• **Dataset entries**
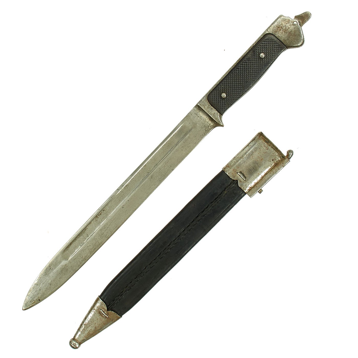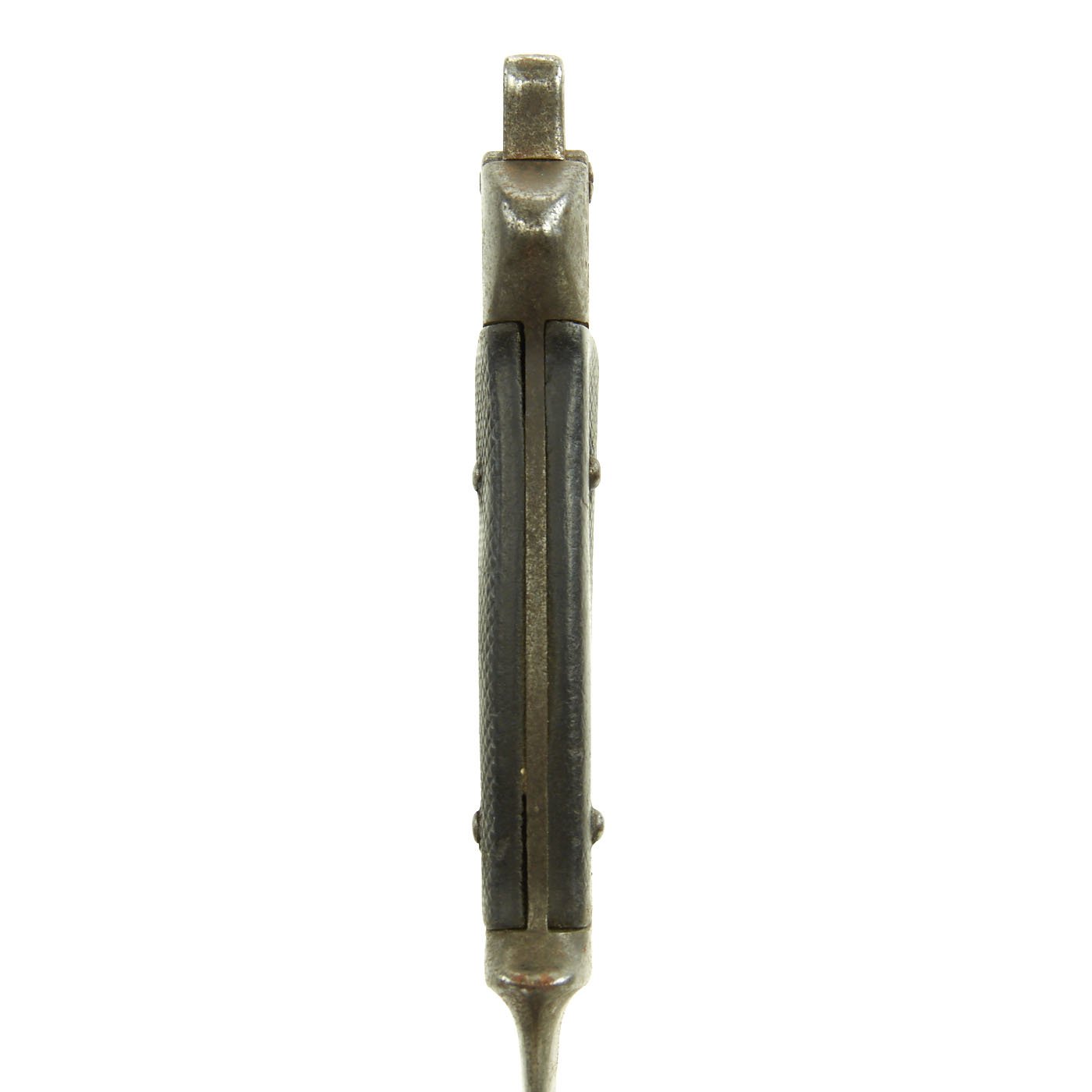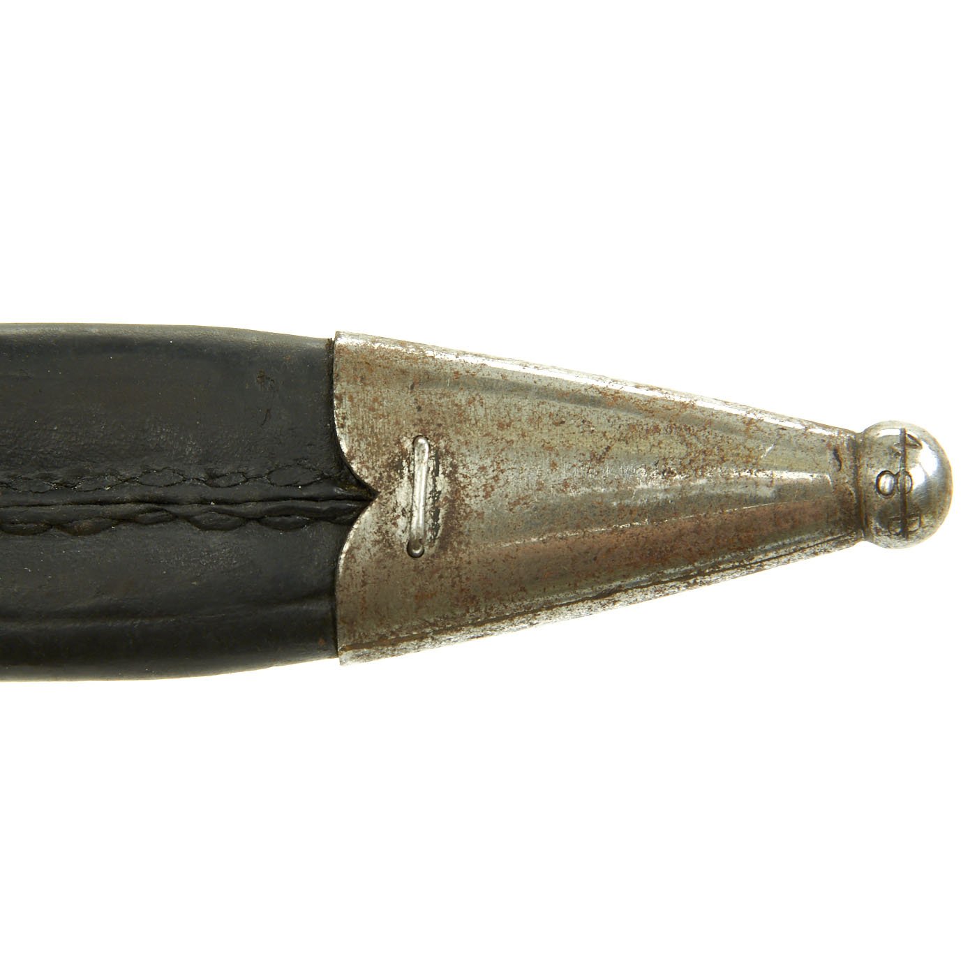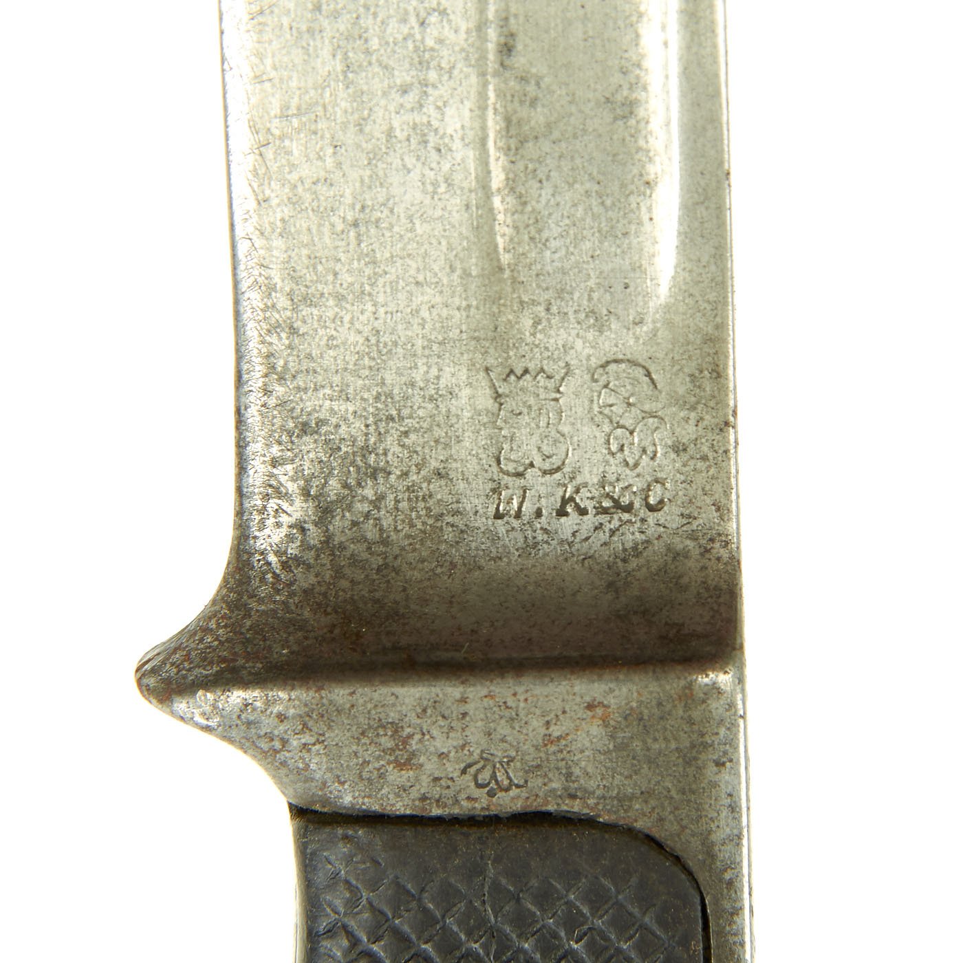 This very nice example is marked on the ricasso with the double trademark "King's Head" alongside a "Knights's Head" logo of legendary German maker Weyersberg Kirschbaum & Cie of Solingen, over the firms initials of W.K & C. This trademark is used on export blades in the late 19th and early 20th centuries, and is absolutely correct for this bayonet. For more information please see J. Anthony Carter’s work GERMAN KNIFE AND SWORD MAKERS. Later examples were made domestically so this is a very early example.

...

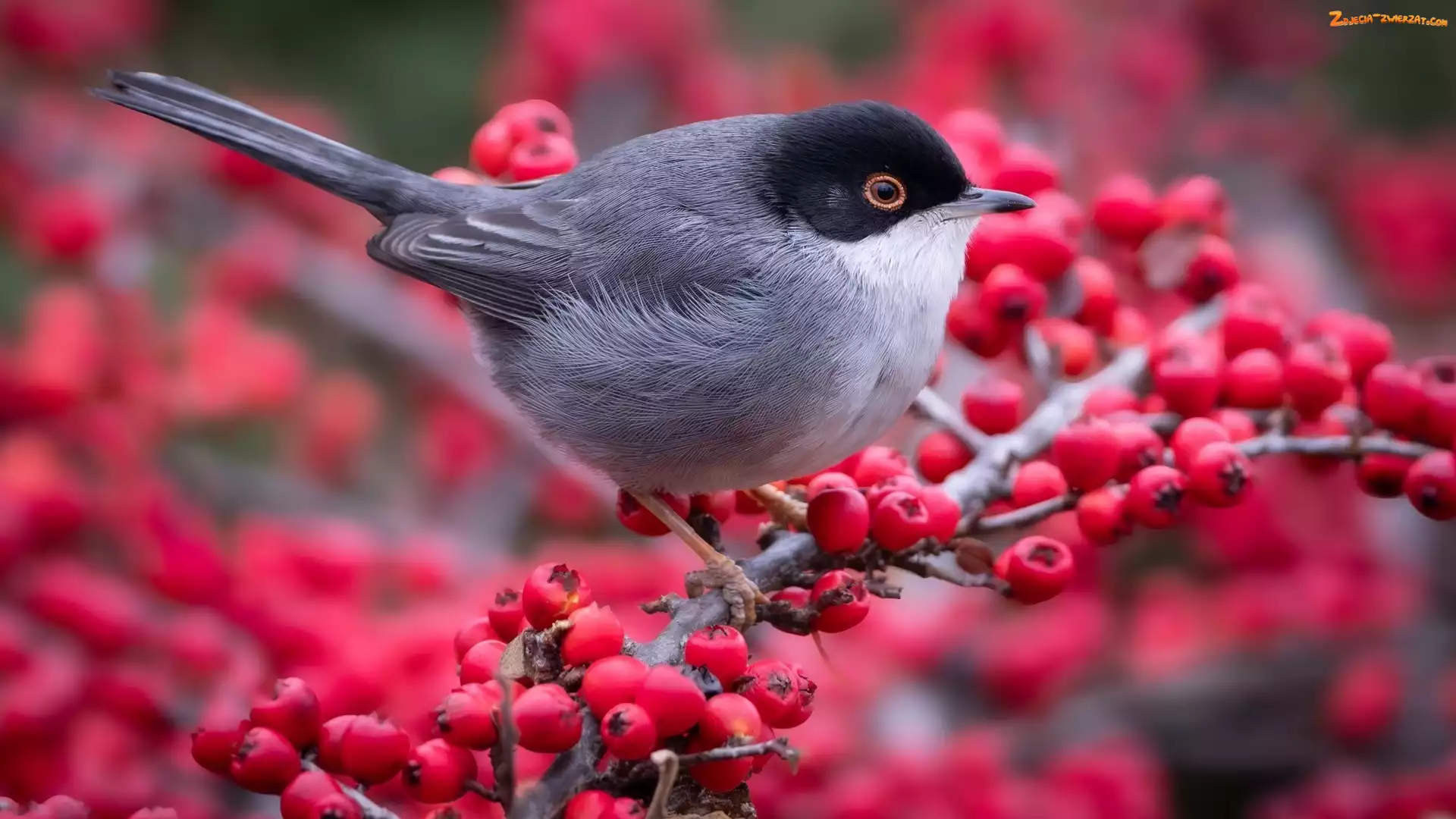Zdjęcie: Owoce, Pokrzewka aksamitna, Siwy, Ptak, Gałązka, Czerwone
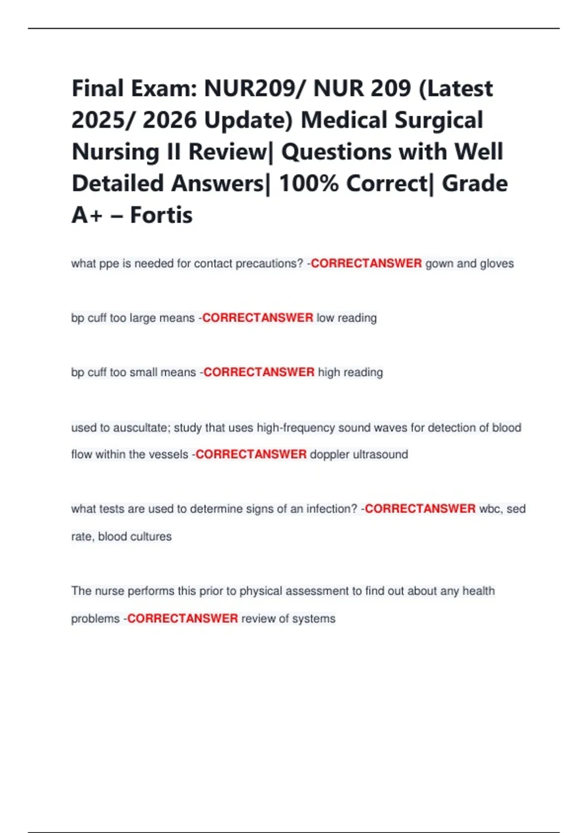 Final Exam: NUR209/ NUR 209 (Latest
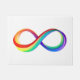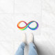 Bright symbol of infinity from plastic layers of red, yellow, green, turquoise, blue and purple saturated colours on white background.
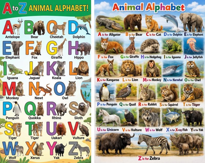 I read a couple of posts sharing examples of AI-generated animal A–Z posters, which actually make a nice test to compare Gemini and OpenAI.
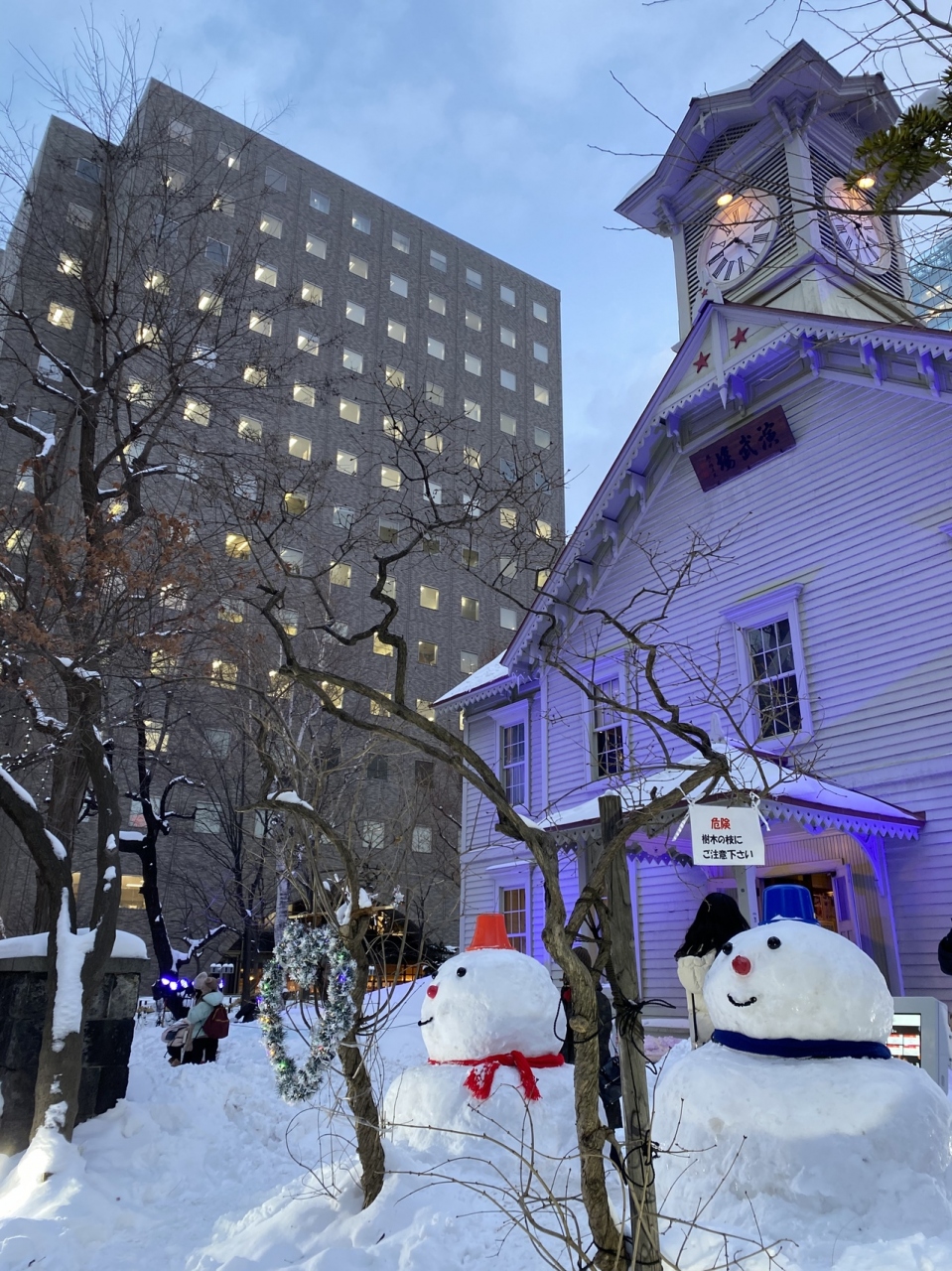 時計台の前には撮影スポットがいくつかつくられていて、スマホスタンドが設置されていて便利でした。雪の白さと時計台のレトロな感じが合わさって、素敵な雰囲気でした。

==

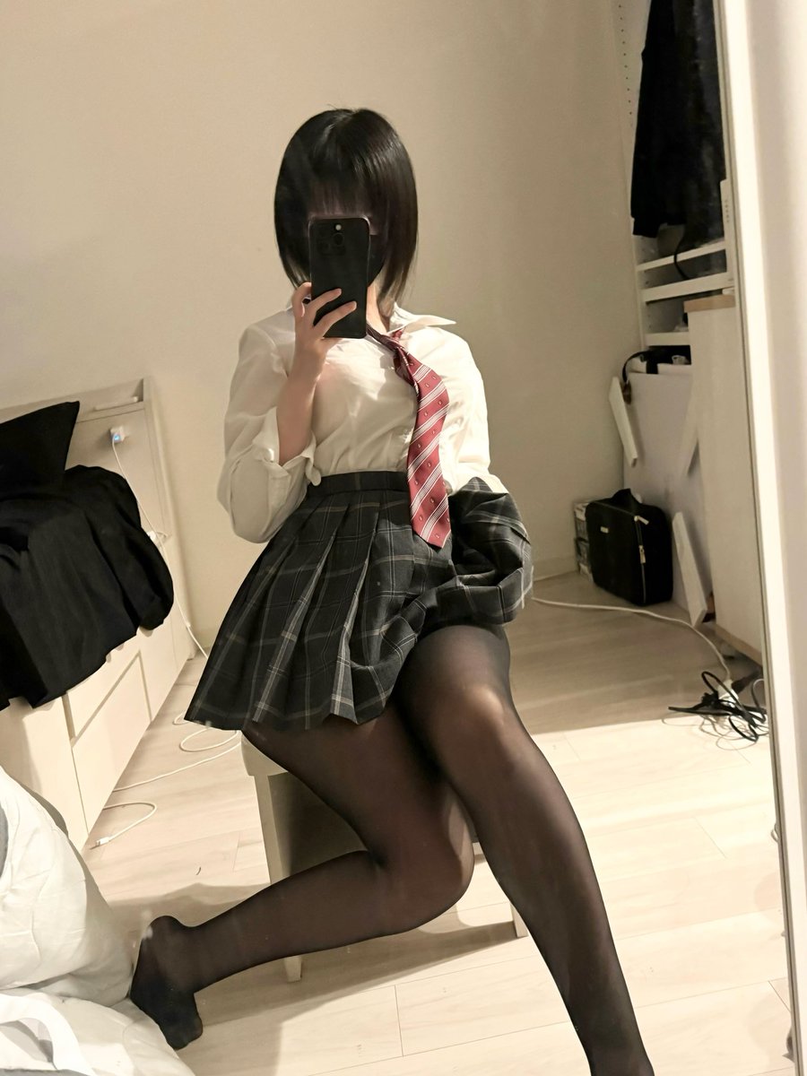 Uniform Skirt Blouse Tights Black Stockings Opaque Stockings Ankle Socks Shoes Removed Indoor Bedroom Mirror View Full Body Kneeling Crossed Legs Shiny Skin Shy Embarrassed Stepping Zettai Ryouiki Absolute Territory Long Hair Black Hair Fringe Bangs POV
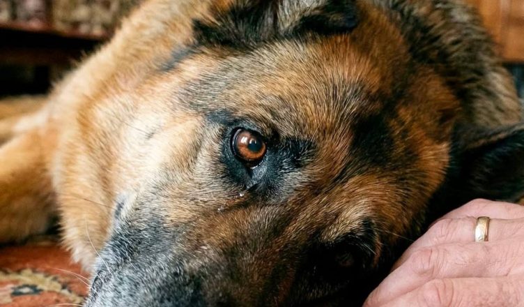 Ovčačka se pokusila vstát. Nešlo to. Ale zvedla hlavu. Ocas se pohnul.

• **Directions**
What lines above run from the one with "I read a couple" to the one with "時計台の前には撮影スポットが"? Give them again exactly, ends included, and leave the pictures out.

• **Reply**
 I read a couple of posts sharing examples of AI-generated animal A–Z posters, which actually make a nice test to compare Gemini and OpenAI.
 時計台の前には撮影スポットがいくつかつくられていて、スマホスタンドが設置されていて便利でした。雪の白さと時計台のレトロな感じが合わさって、素敵な雰囲気でした。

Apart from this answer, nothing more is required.